(Data entries)
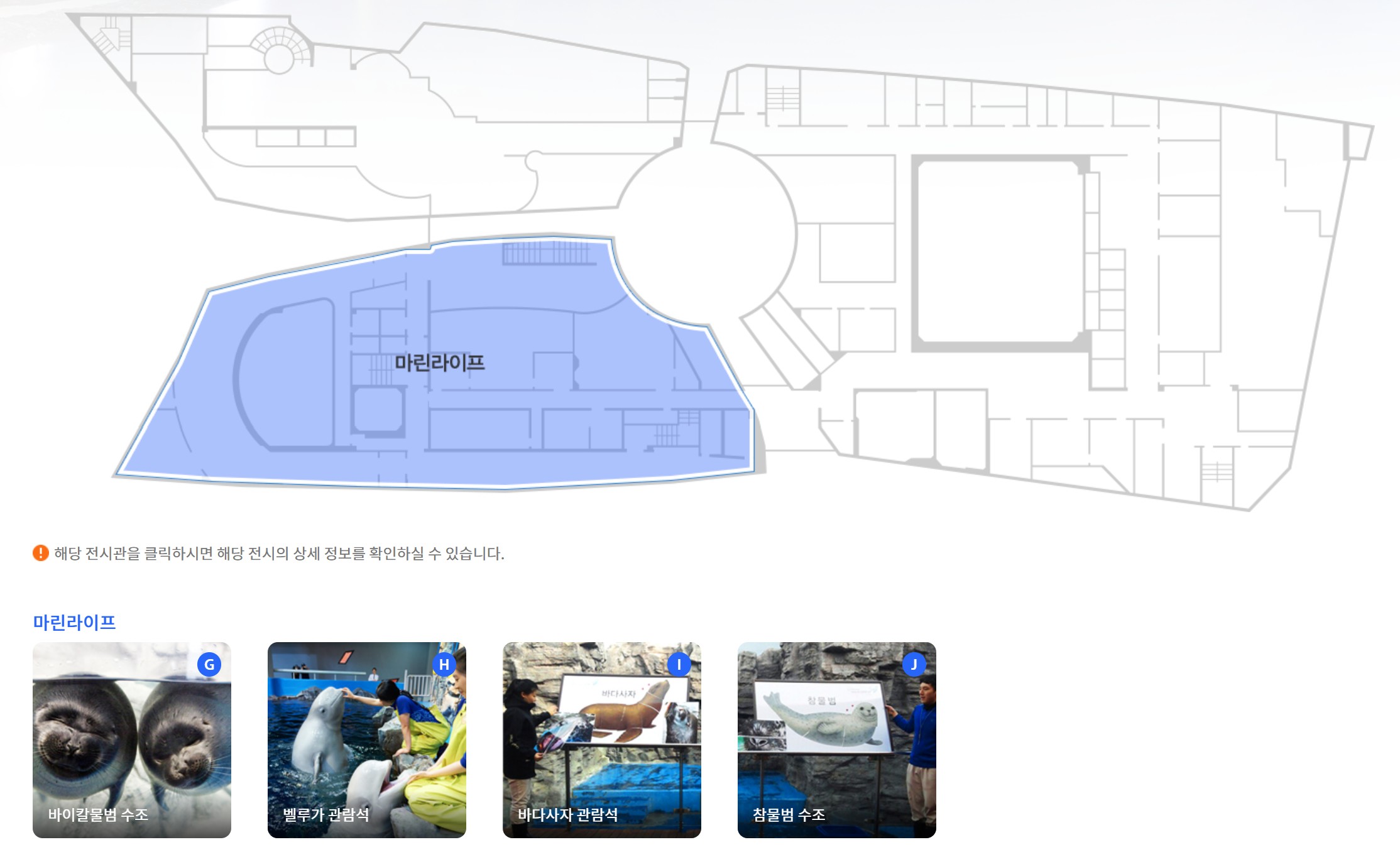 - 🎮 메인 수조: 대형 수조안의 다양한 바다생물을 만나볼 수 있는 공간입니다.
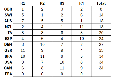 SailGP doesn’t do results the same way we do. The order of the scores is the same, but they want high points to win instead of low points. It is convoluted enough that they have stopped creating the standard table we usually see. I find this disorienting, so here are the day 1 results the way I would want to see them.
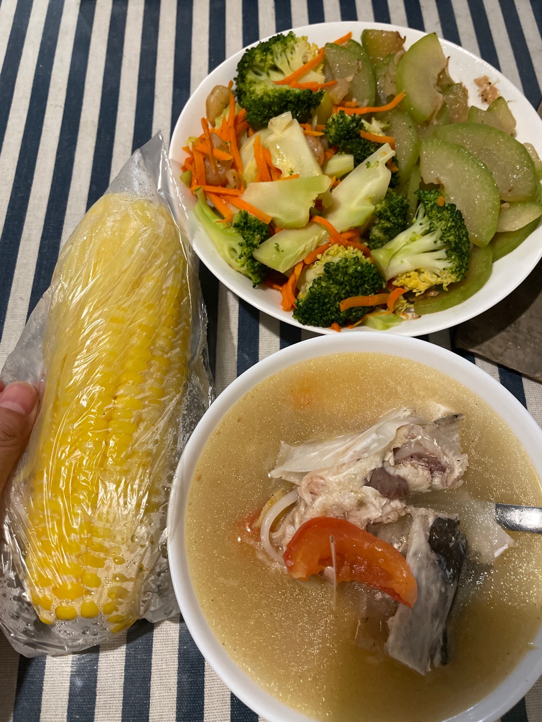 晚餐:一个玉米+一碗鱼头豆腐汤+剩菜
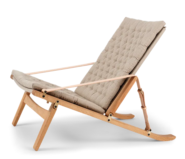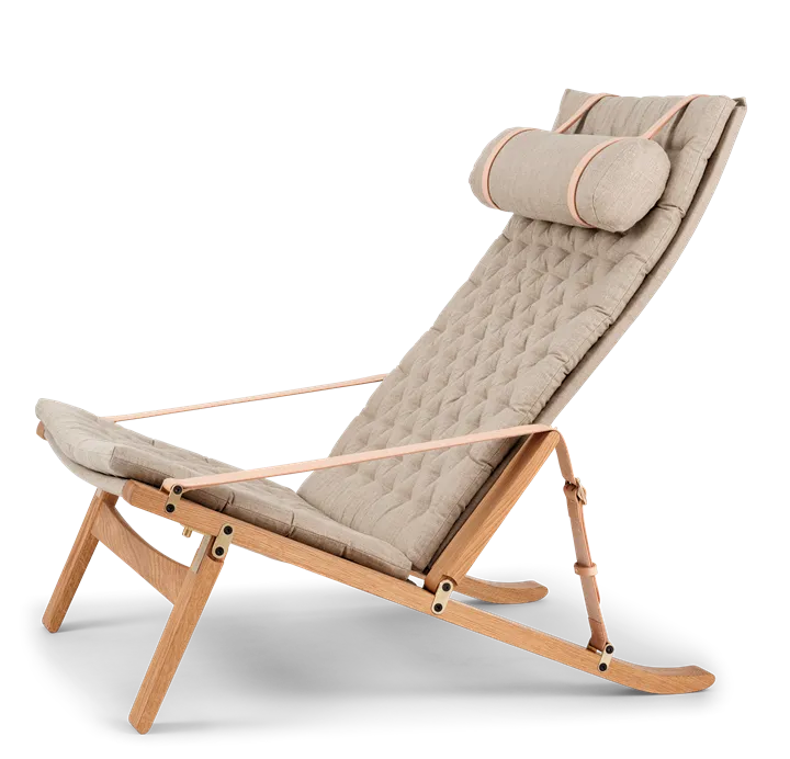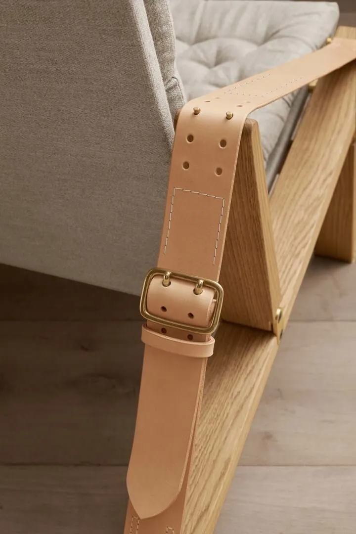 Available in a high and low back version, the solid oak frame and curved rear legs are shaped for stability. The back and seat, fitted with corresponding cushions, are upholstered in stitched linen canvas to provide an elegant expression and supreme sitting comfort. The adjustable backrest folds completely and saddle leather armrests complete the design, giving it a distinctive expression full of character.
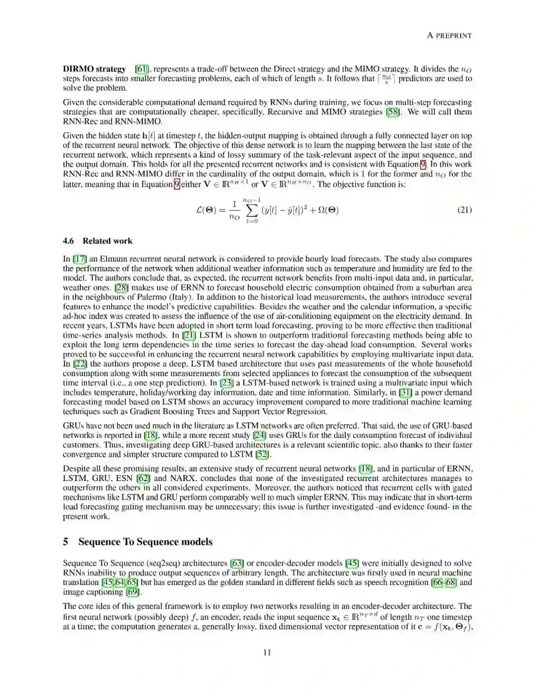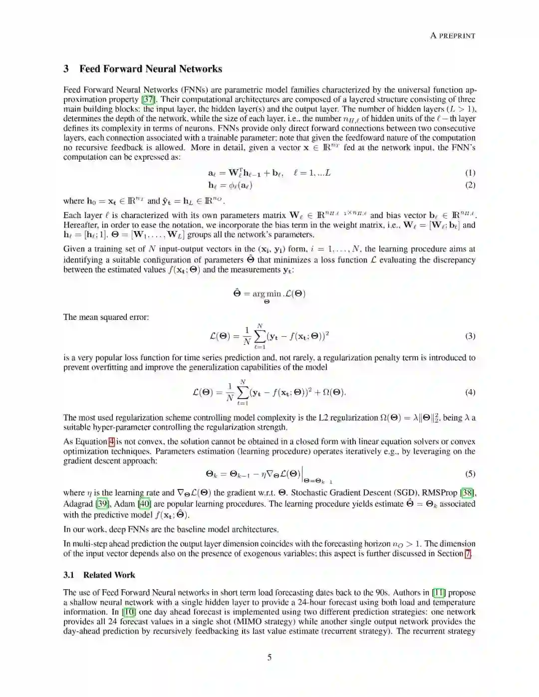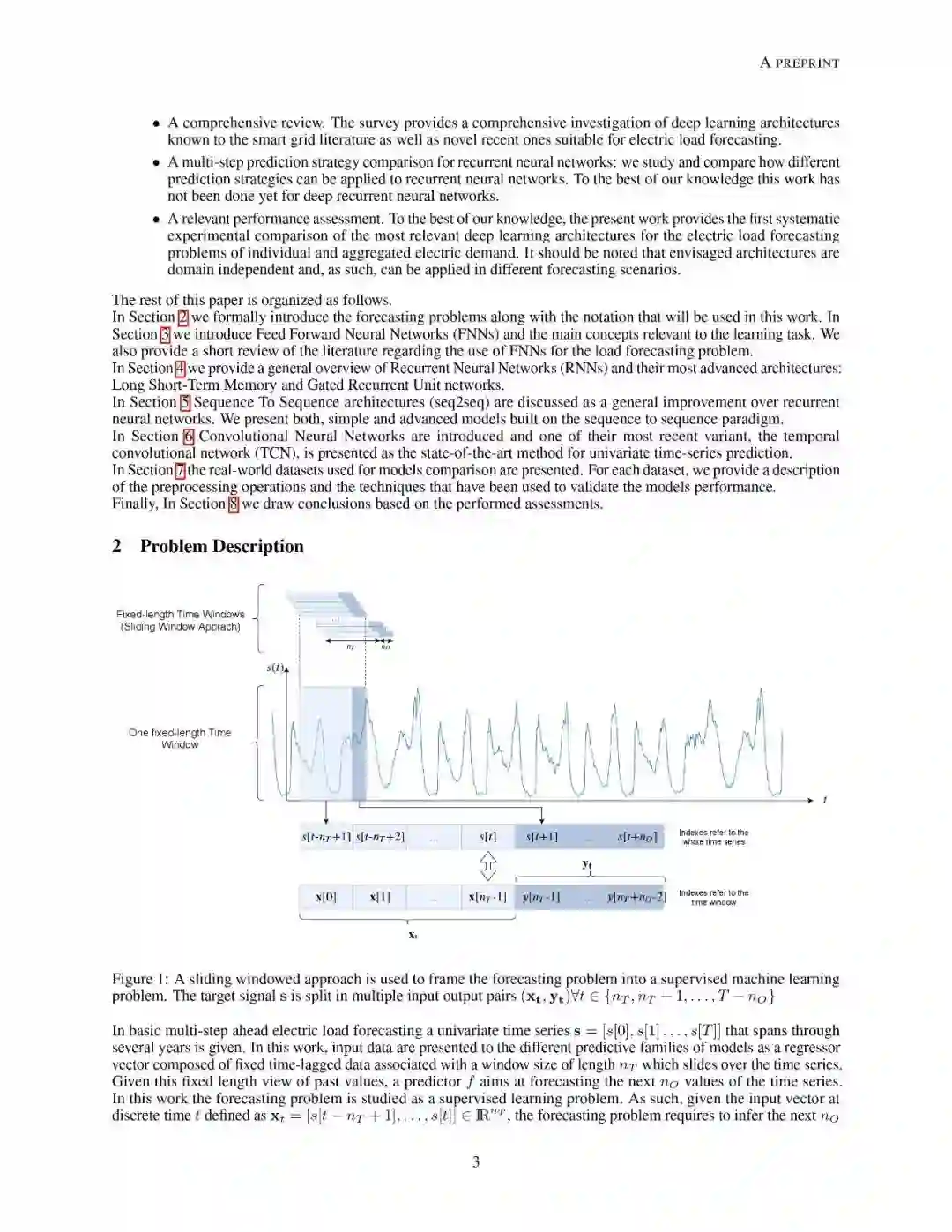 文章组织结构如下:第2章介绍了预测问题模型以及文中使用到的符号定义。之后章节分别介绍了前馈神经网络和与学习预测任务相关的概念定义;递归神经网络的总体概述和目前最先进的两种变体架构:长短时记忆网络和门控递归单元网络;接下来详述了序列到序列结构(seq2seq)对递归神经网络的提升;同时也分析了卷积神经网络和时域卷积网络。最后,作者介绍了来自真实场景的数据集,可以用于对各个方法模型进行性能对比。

* _Work instruction_
An exact copy of the records above is required, leaving out the pictures.

* _Problem solution_
 - 🎮 메인 수조: 대형 수조안의 다양한 바다생물을 만나볼 수 있는 공간입니다.
 SailGP doesn’t do results the same way we do. The order of the scores is the same, but they want high points to win instead of low points. It is convoluted enough that they have stopped creating the standard table we usually see. I find this disorienting, so here are the day 1 results the way I would want to see them.
 晚餐:一个玉米+一碗鱼头豆腐汤+剩菜
 Available in a high and low back version, the solid oak frame and curved rear legs are shaped for stability. The back and seat, fitted with corresponding cushions, are upholstered in stitched linen canvas to provide an elegant expression and supreme sitting comfort. The adjustable backrest folds completely and saddle leather armrests complete the design, giving it a distinctive expression full of character.
 文章组织结构如下:第2章介绍了预测问题模型以及文中使用到的符号定义。之后章节分别介绍了前馈神经网络和与学习预测任务相关的概念定义;递归神经网络的总体概述和目前最先进的两种变体架构:长短时记忆网络和门控递归单元网络;接下来详述了序列到序列结构(seq2seq)对递归神经网络的提升;同时也分析了卷积神经网络和时域卷积网络。最后,作者介绍了来自真实场景的数据集,可以用于对各个方法模型进行性能对比。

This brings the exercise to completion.